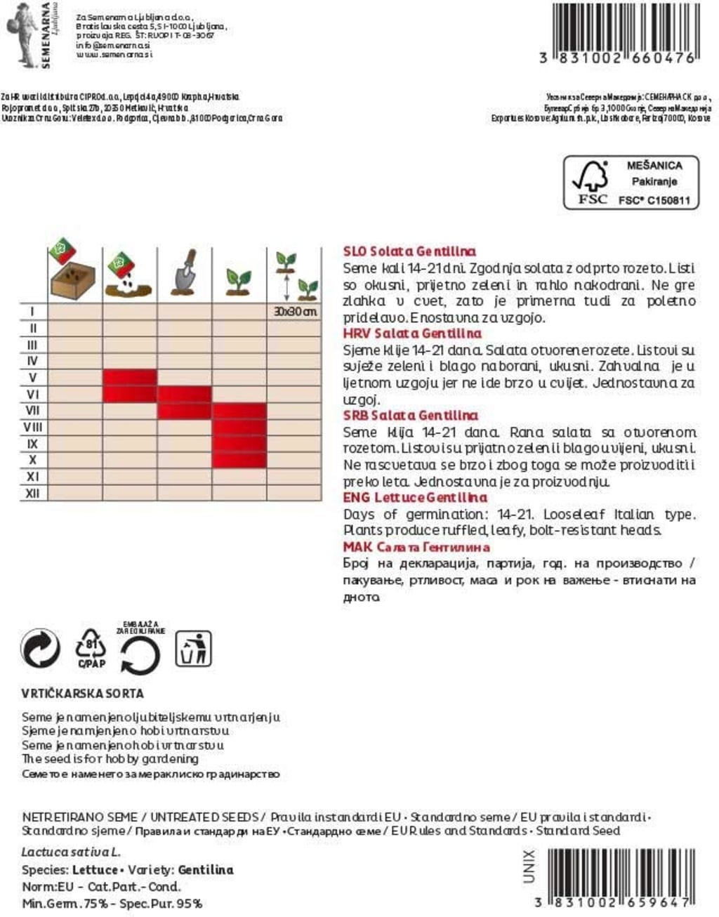Semenarna Ljubljana Graines de Laitue à Couper "Gentilina", 5 g
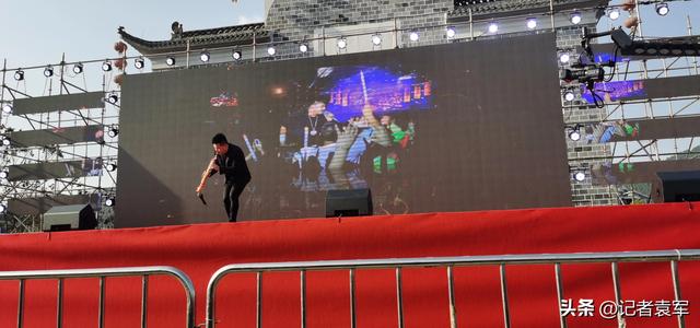 接下来是飞刀天武表演飞刀绝技。只见他用黑布蒙着双眼,在十步开外把利斧 ,钢刀飞向另外一名演员,刀刀惊险刺激。获得现场观众惊叫呐喊和热烈掌声。
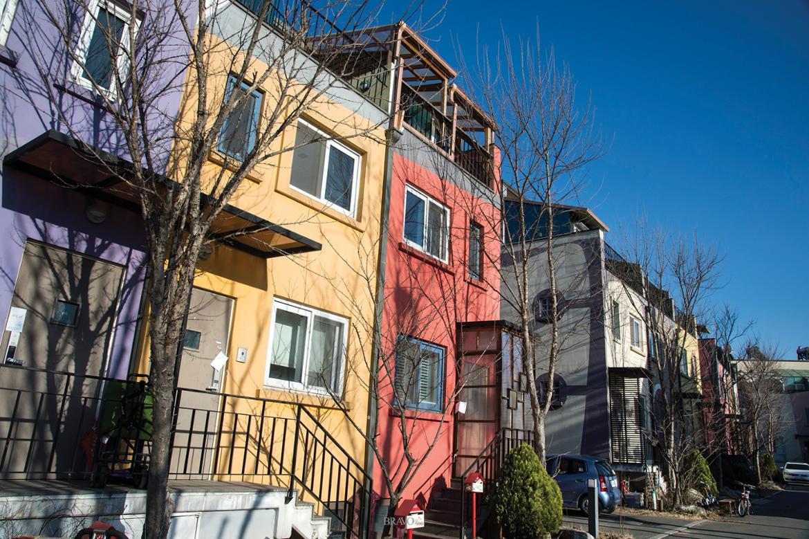 파주 운정 신도시를 지나다 보면 마치 만화에서 튀어나온 듯 알록달록한 집들을 볼 수 있다. 바로 도시농부 타운하우스(이하 도시농부) 1, 2차 단지다. 오솔길처럼 낸 길을 따라 옹기종기 집들이 모여 있다. 곳곳에 도시농부 사람들이 이용할 수 있는 텃밭도 보였다. 현재 5단지까지 분양 완료 됐는데 가격은 3억원 대로 알려져 있다.
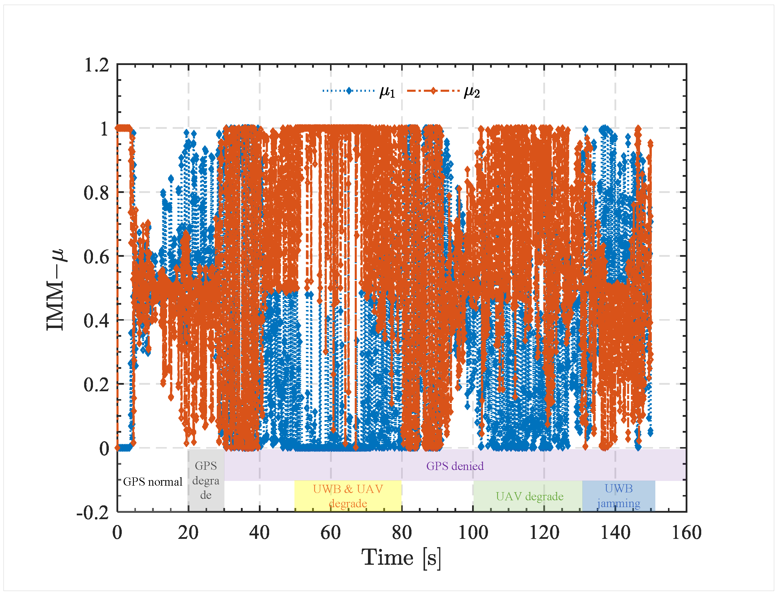 - Building on the consistency-evaluated hierarchical layers, a modified geometric configuration-based IMM filtering algorithm is proposed to flexibly fuse multi-source node information, integrating leader-node multi-sensor data and dynamic model-assisted information such as UWB, wind speed , or external force estimates . This algorithm enhances system robustness under GNSS-denied conditions when facing various contingencies, including UWB outages and leader-node accuracy degradation, and significantly improves navigation accuracy at the follower node layer.
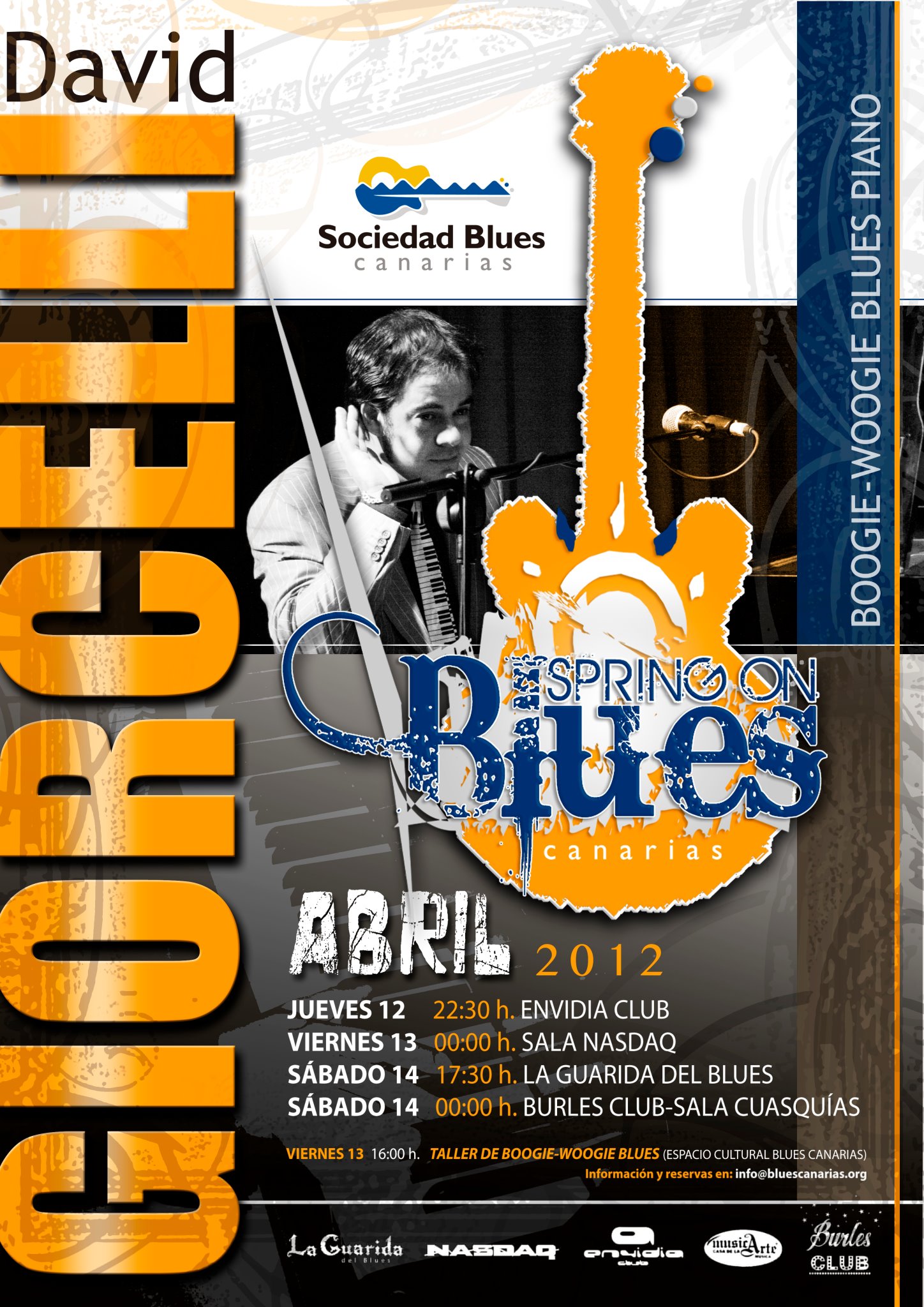 Esta semana, en Las Palmas de Gran Canaria, tendremos la oportunidad de disfrutar de uno de los pianistas españoles mas relevantes en la escena del Blues, David Giorcelli; según muchos, la mano izquierda más potente y rápida del país, cuando de Blues y Woogie Boogie hablamos.

──────────────────────────────

● Problem to solve:
Return, exactly as they stand, the lines above from the one with "接下来是飞刀天武表演飞刀绝技" to the one with "파주 운정 신도시를 지나다", omitting any pictures among them.

● Result below:
 接下来是飞刀天武表演飞刀绝技。只见他用黑布蒙着双眼,在十步开外把利斧 ,钢刀飞向另外一名演员,刀刀惊险刺激。获得现场观众惊叫呐喊和热烈掌声。
 파주 운정 신도시를 지나다 보면 마치 만화에서 튀어나온 듯 알록달록한 집들을 볼 수 있다. 바로 도시농부 타운하우스(이하 도시농부) 1, 2차 단지다. 오솔길처럼 낸 길을 따라 옹기종기 집들이 모여 있다. 곳곳에 도시농부 사람들이 이용할 수 있는 텃밭도 보였다. 현재 5단지까지 분양 완료 됐는데 가격은 3억원 대로 알려져 있다.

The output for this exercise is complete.